Your "long dep chain" is many uops from those microcoded x87 instructions. fcos is 53-105 uops on SKL, with 50-130 cycle throughput. So it's about 1 cycle per uop delay, and the scheduler / reservation-station (RS) "only" has 97 entries in SKL/KBL. Also, getting later instructions into the out-of-order back end may be a problem, because microcode takes over the front-end and needs some kind of mechanism to decide which uops to issue next, probably depending on the result of some computation. (The number of uops is known to be data-dependent.)

If you want the most delay from an RS full of un-executed uops, a sqrtpd dependency chain is probably your best bet. e.g.

    xorps  xmm0,xmm0                   ; avoid subnormals that might trigger FP assists
    times 40 sqrtsd xmm0, xmm0

    ; then make the store of the new ret addr dependent on that chain
    movd   ebx, xmm0
    ; and  ebx, 0            ; not needed, sqrt(0) = 0.0 = integer bit pattern 0
    mov [rsp+rbx], rax
    ret

Since Nehalem, Intel CPUs have fast recovery for branch misses with a Branch Order Buffer that snapshots the OoO state (including the RAT and probably RS) What exactly happens when a skylake CPU mispredicts a branch?. So they can recover exactly to the mispredict without waiting for the mispredict to be the retirement state.

mov [rsp], rax could execute as soon as it entered the RS, or at least without a dependency on the sqrt dep chain. As soon as store-forwarding could produce the value, the ret uop could execute and check the prediction, and detect the mispredict while the sqrt dep chain was still crunching. (ret is 1 micro-fused uop for load ports + port 6, where the taken-branch execution unit is.)

Coupling the sqrtsd dep chain into storing a new return address prevents the ret from executing early. Executing a ret uop in an execution port = checking the prediction and detecting the mispredict if there is one.

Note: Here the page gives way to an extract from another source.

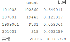 # 初始化数据库连接: engine = create_engine('mysql+pymysql://root:123456@localhost:3306/test?charset=utf8') sql = pd.read_sql('all_gzdata', engine, chunksize=1024 * 5) # 分块统计各个IP的点击次数 result = [i['realIP'].value_counts() for i in sql] click_count = pd.concat(result).groupby(level=0).sum() click_count = click_count.reset_index() click_count.columns = ['realIP', 'times'] # 筛选出来点击一次的数据 click_one_data = click_count[click_count['times'] == 1] # 这里只能再次读取数据 因为sql是一个生成器类型,所以在使用过一次以后,就不能继续使用了。必须要重新执行一次读取。 sql = pd.read_sql('all_gzdata', engine, chunksize=1024 * 5) # 取出这三列数据 data = [i[['fullURLId', 'fullURL', 'realIP']] for i in sql] data = pd.concat(data) # 和并数据 我以click_one_data为基准 按照realIP合并过来,目的方便查看点击一次的网页和realIP merge_data = pd.merge(click_one_data, data, on='realIP', how='left') # 点击一次的数据统计 写入数据库 以方便读取 校准无误 写入后就可以注释掉此句代码 #erge_data.to_sql('click_one_count', engine, if_exists='append') print(merge_data) # 统计排名前4和其他的网页类型 URL_count_4 = URL_count.iloc[:4,:] time = hit_count.iloc[4:,0].sum() # 统计其他的 URLindex = URL_count_4.index.values URL_count_4 = URL_count_4.append([{'count':time}], ignore_index=True) URL_count_4.index = [URLindex[0], URLindex[1], URLindex[2], URLindex[3], '其他'] URL_count_4['比例'] = URL_count_4['count'] / URL_count_4['count'].sum() print(URL_count_4)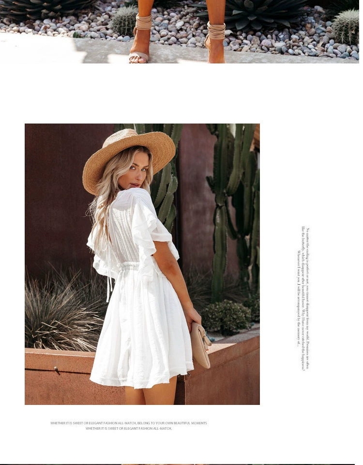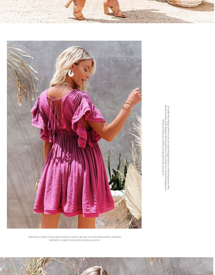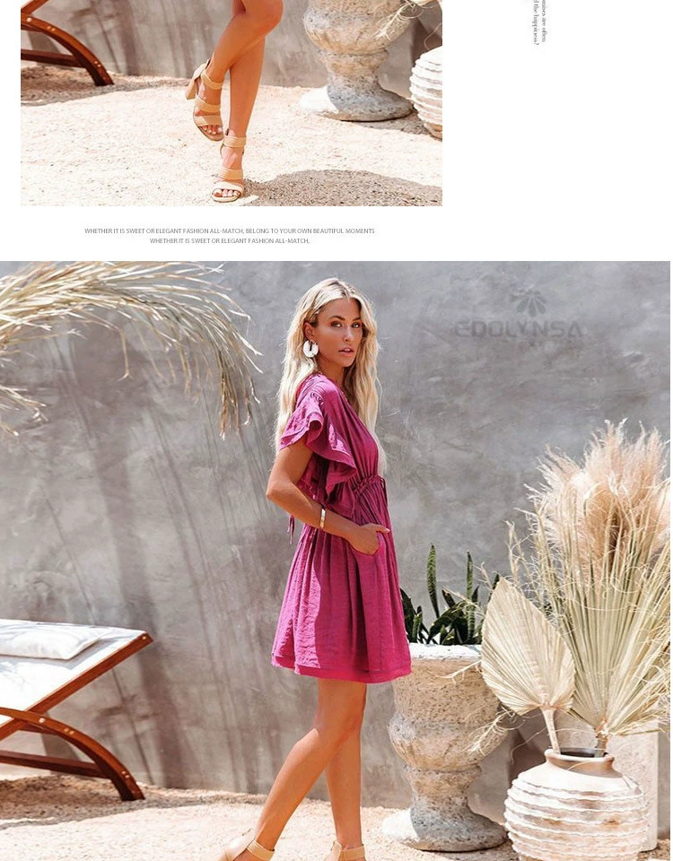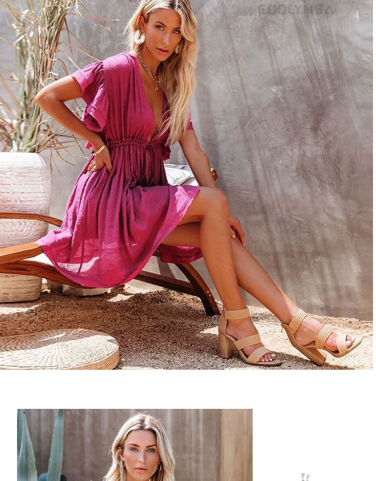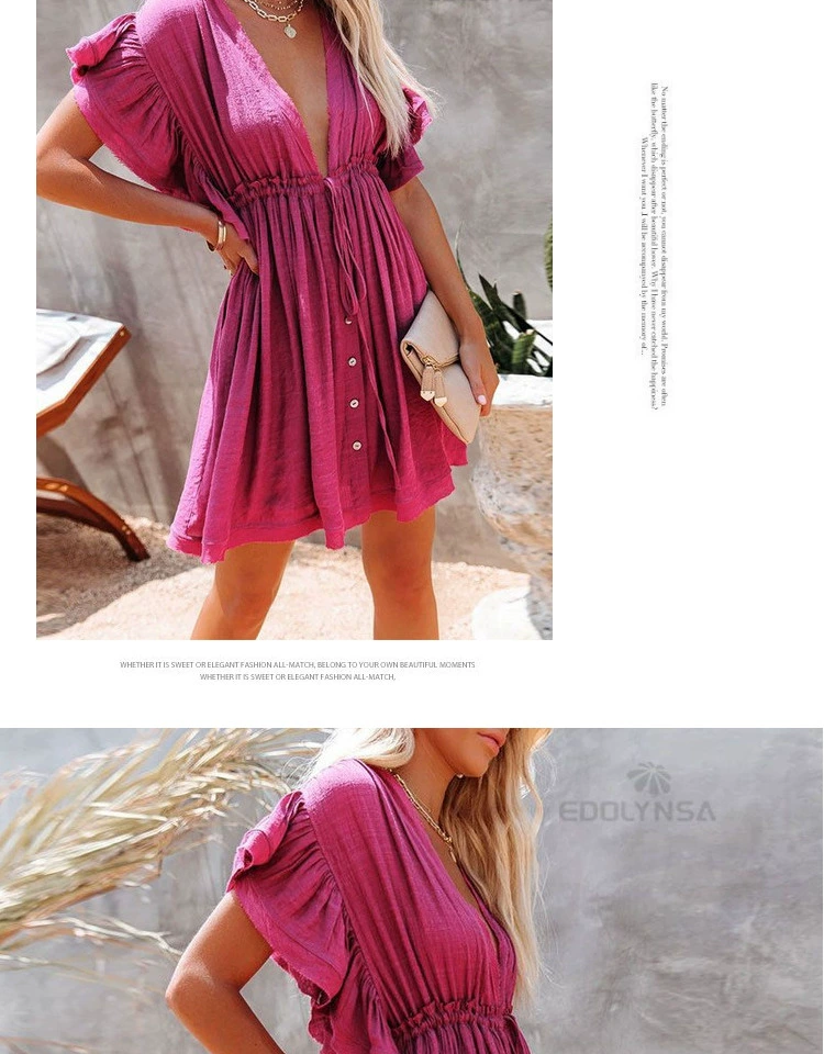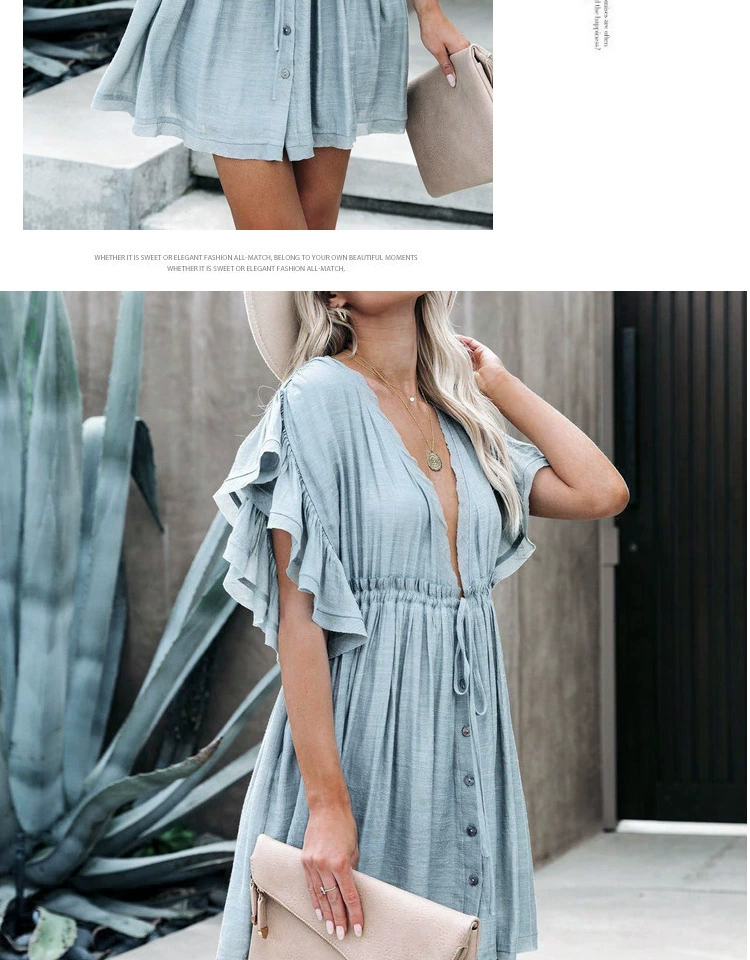 Be the first to review “Sexy deep V half-breasted slightly see-through beach dress with waist tie and backless short-sleeved beach dress”

(Contrast with Meltdown, where the "wrong" path keeps running until the faulting load reaches retirement, and you want it to execute ASAP (just not retire). But you usually want to put a whole Meltdown attack in the shadow of something else, like TSX or a specpoline, in which case you would need something like this and have the whole meltdown in the shadow of this dep chain. Then Meltdown wouldn't need its own sqrtsd dep chain.)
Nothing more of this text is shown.